I also don't want my mother hanging around and saying, "You have a very nice rear." "I think your rear is nice." I don't want my mother commenting on portions of my anatomy that are traditionally sexual attributes. Okay? I don't want to hear it. Then again, compliments on my appearance weird the hell out of me. Mainly because the only person who ever tells me I look nice is my mother. Naturally I don't believe her because if I never get complimented on my appearance by anyone except a person who has every reason to be biased, what possible reason is there to believe her? But the rear thing bothers me triply.
On the topic of my mother, I want to shake her until she spits up something very specific about her state of mind. Specifically whether she is incapable of understanding her current health issues, or if she is refusing to understand because she doesn't want to be wrong. She's stubborn enough for the latter, but it's impossible to tell.
I'm annoyed that season three of Supernatural was so much of "How are we gonna get you out of The Deal, Dean?" that I'm having trouble finding episodes that I want to watch, because I'm not going down the angst route again.
Also, much irritation with my new glasses, which have frames that are not effectively holding the lenses in place.
There is only one thing that has managed to leaven the irritation at all over the last few days, and that's my return to childhood with the Katy Tetralogy.

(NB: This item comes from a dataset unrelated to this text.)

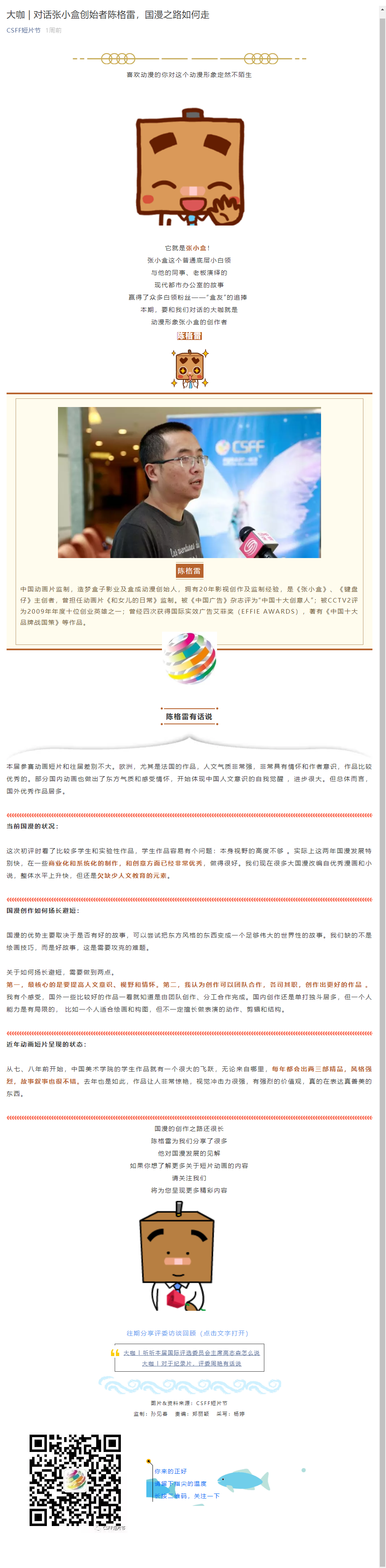 大咖 | 对话张小盒创始者陈格雷,国漫之路如何走

What Katy Did, What Katy Did At School, What Katy Did Next and Clover. Which last one is, in fact, not about Katy, but her sister Clover, which is why there's no Katy in the title. Quite frankly, I'd forgotten how much I loved these books, and this excerpt is one of the reasons why:
"It's all very well now," she said, "while the warm weather lasts; but in winter Longwood is simply gruesome. The wind never stops blowing day nor night. It howls and it roar and it screams, till I feel as if every nerve in my body were on the point of snapping in two. And the snow, ugh! Anf burglars! Every night of our lives they come -- or I think they come -- and I lie awake and hear them sharpening their tools and fording the locks and murdering the cook and kidnapping Baby, till I long to die and have done with them forever! Oh, Nature is the most unpleasant thing!"
"Burglars are not Nature," objected Katy.
"What are they, then? Art? High Art? Well, whatever they are, I do not like them. Oh, if ever the happy day comes when Deniston consents to move into town, I never wish to set my eyes on the country again as long as I live, unless -- well, yes, I should like to come out just once more in the horse-cars and kick that elmtree by the fence! The number of times that I have lain awake at night listening to its creaking!"
"You might kick it without waiting to have a house in town."
"Oh, I shouldn't dare as long as we are living here! You never know what Nature may do. She has ways of her own of getting even with people," remarked her friend solemnly.
I simply adore Rose Red, Katy's friend in the excerpt. Katy herself is a paragon who is rather a lot of Mary Sue, and something of a prig, looking back now. But I adored the books, even though I get the feeling they've had a negative impact on my ability to socialise in the modern idiom.
Anyhow, I close with this. If you want to tell me I'm being irrational about my desire to tell the firm that fired me to go to hell and go away, take their financial knocks and leave me alone, go ahead. If you want to tell me my approach to my mother is any number of less-than-positive things, do so.
I should just warn you, you will be soundly ignored. Irritation, like so many other emotions, need not apply to rationality for it's basis. Oftentimes, it simply is.